----- INPUT -----
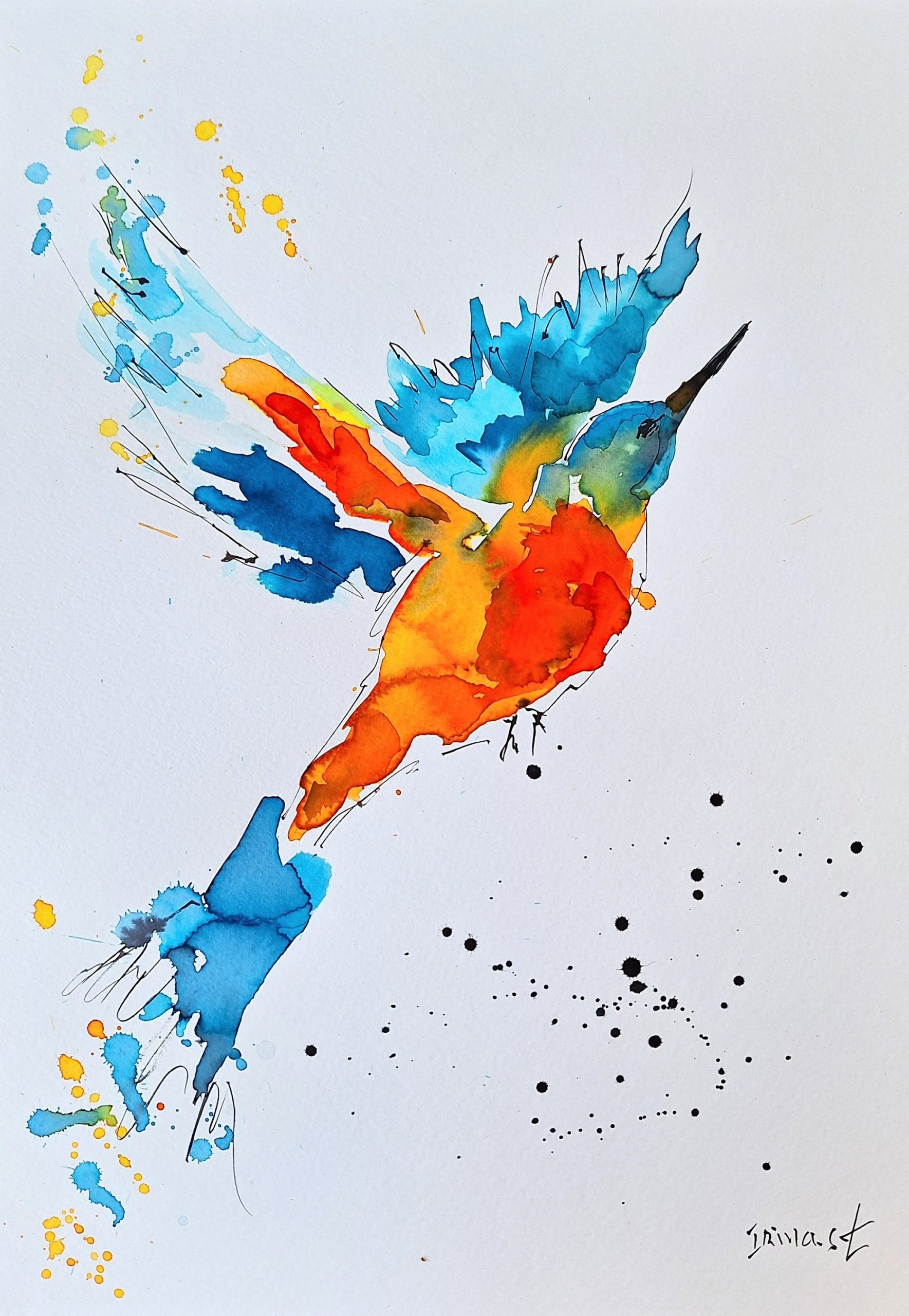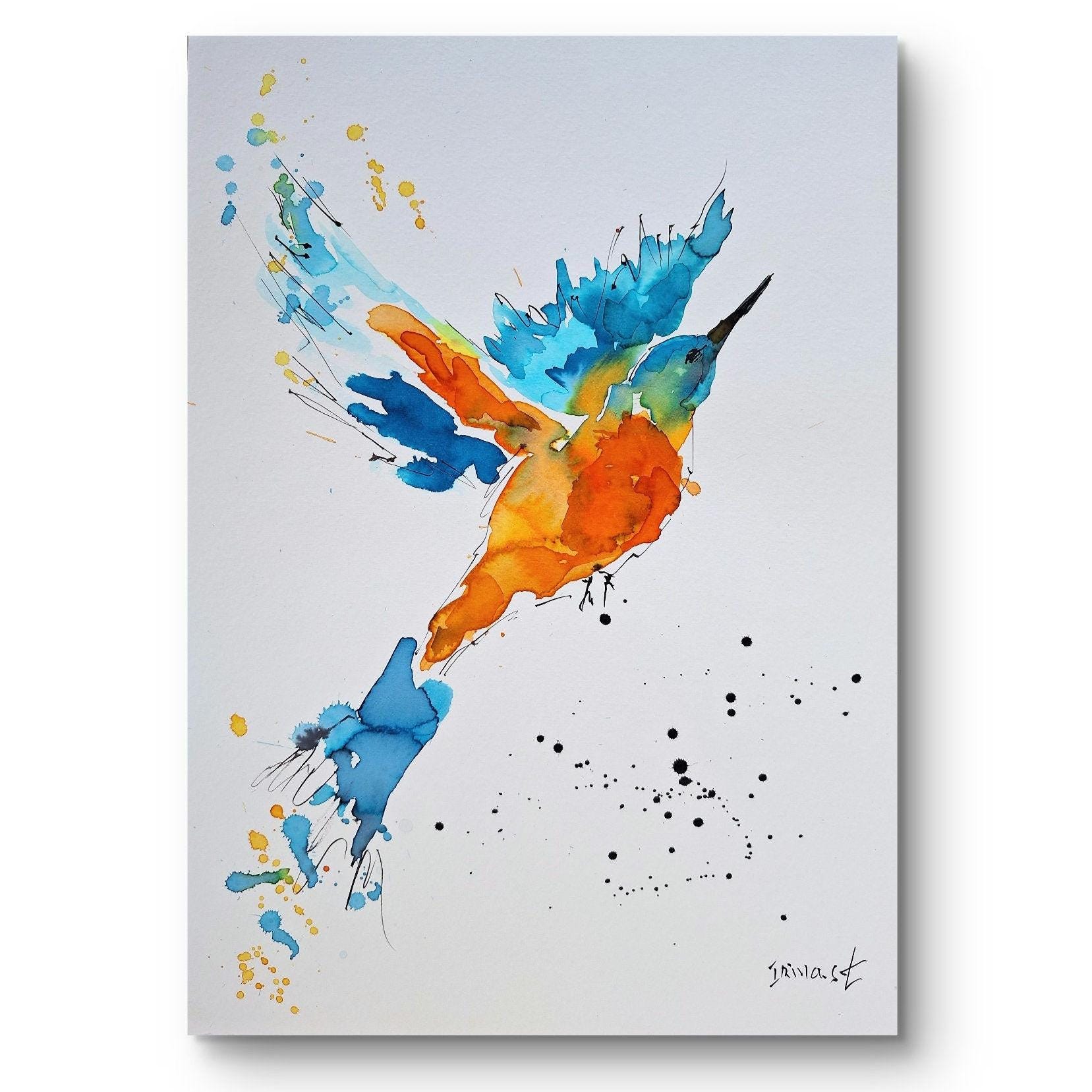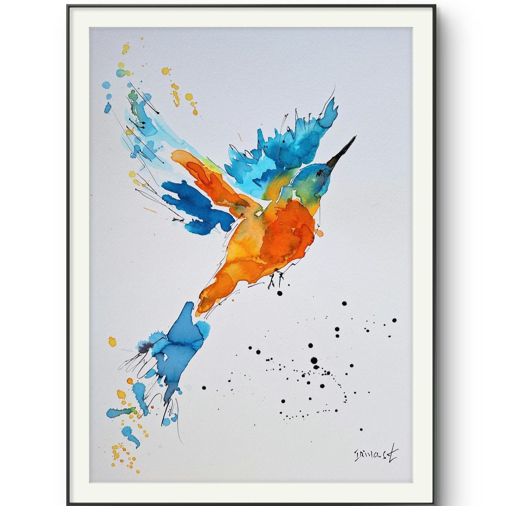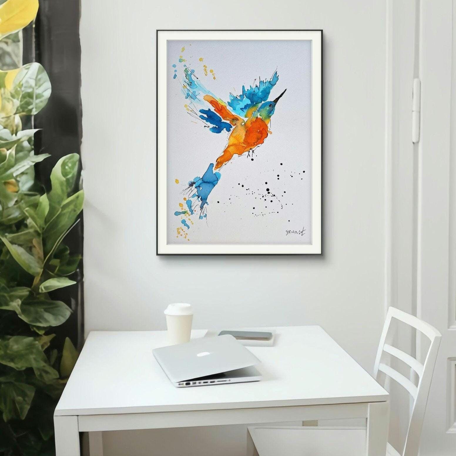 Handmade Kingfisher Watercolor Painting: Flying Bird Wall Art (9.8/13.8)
-----
----- INPUT -----
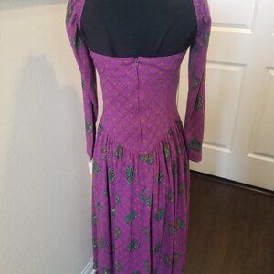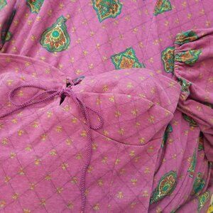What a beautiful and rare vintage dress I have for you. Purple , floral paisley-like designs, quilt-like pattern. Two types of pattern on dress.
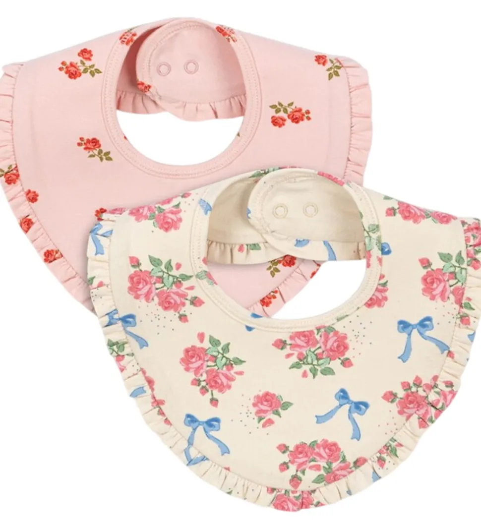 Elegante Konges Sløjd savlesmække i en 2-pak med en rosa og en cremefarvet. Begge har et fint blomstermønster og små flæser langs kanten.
-----
• EXERCISE: Going by the data above, give back only the lines from the one containing "What a beautiful" through the one containing "Elegante Konges Sløjd", exactly as they stand, both ends included and no images.

• THE ANSWER:
What a beautiful and rare vintage dress I have for you. Purple , floral paisley-like designs, quilt-like pattern. Two types of pattern on dress.
 Elegante Konges Sløjd savlesmække i en 2-pak med en rosa og en cremefarvet. Begge har et fint blomstermønster og små flæser langs kanten.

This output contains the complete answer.